[Opening Available data section]

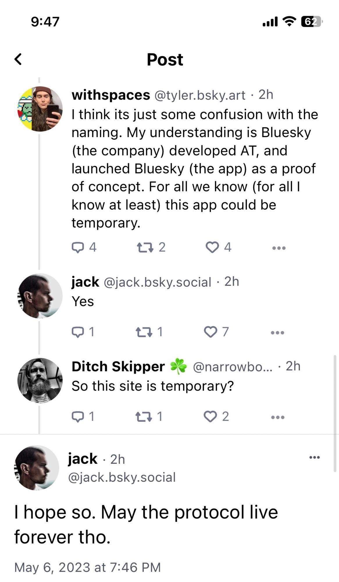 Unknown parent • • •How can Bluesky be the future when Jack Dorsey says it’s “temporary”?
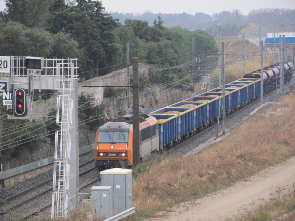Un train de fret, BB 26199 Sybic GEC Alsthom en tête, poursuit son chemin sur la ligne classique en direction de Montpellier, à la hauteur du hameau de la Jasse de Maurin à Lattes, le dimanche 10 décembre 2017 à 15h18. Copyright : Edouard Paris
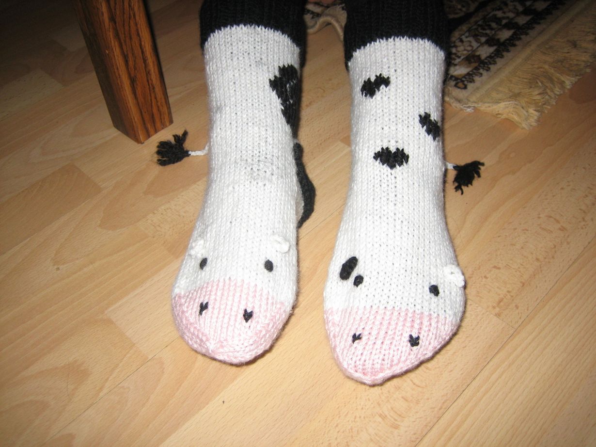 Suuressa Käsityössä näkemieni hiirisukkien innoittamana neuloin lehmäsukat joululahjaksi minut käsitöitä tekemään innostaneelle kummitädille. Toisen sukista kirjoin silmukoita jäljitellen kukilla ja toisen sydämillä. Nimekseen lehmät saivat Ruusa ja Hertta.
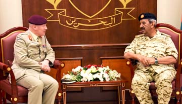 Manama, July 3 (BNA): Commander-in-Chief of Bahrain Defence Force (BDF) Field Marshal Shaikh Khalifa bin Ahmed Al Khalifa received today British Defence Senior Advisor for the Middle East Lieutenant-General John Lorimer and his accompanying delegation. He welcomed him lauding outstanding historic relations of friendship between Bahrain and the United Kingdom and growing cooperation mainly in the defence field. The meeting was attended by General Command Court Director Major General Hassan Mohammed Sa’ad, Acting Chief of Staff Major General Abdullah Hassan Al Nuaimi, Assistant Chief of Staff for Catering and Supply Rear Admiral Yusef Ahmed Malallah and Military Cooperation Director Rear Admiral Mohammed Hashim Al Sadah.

[Closing Available data section]
[Opening Available data section]

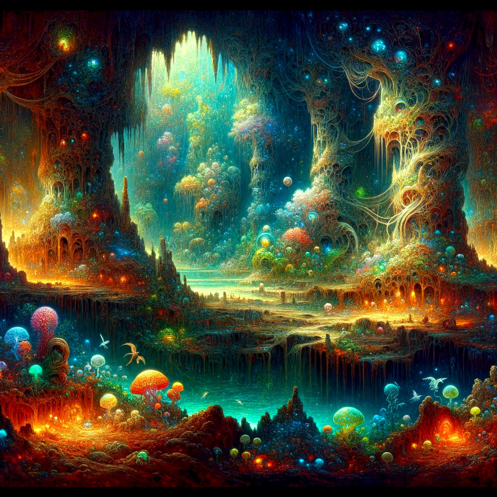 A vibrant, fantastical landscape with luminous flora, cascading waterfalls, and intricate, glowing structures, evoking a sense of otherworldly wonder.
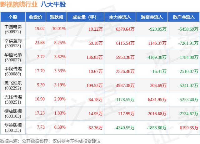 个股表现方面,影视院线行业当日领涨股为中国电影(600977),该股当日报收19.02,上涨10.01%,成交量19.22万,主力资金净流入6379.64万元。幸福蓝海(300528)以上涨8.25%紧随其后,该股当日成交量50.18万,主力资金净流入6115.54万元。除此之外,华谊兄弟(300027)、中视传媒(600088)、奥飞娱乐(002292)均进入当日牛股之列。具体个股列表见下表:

[Closing Available data section]
[Opening Available data section]

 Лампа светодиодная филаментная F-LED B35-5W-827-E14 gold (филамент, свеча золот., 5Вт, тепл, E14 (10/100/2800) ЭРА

[Closing Available data section]

- The problem -
What is needed is an exact copy of the lines above from the one with "Unknown parent •" to the one with "Suuressa Käsityössä näkemieni", both ends kept, and nothing more; please leave the pictures out.

- Result for this task -
 Unknown parent • • •How can Bluesky be the future when Jack Dorsey says it’s “temporary”?
Un train de fret, BB 26199 Sybic GEC Alsthom en tête, poursuit son chemin sur la ligne classique en direction de Montpellier, à la hauteur du hameau de la Jasse de Maurin à Lattes, le dimanche 10 décembre 2017 à 15h18. Copyright : Edouard Paris
 Suuressa Käsityössä näkemieni hiirisukkien innoittamana neuloin lehmäsukat joululahjaksi minut käsitöitä tekemään innostaneelle kummitädille. Toisen sukista kirjoin silmukoita jäljitellen kukilla ja toisen sydämillä. Nimekseen lehmät saivat Ruusa ja Hertta.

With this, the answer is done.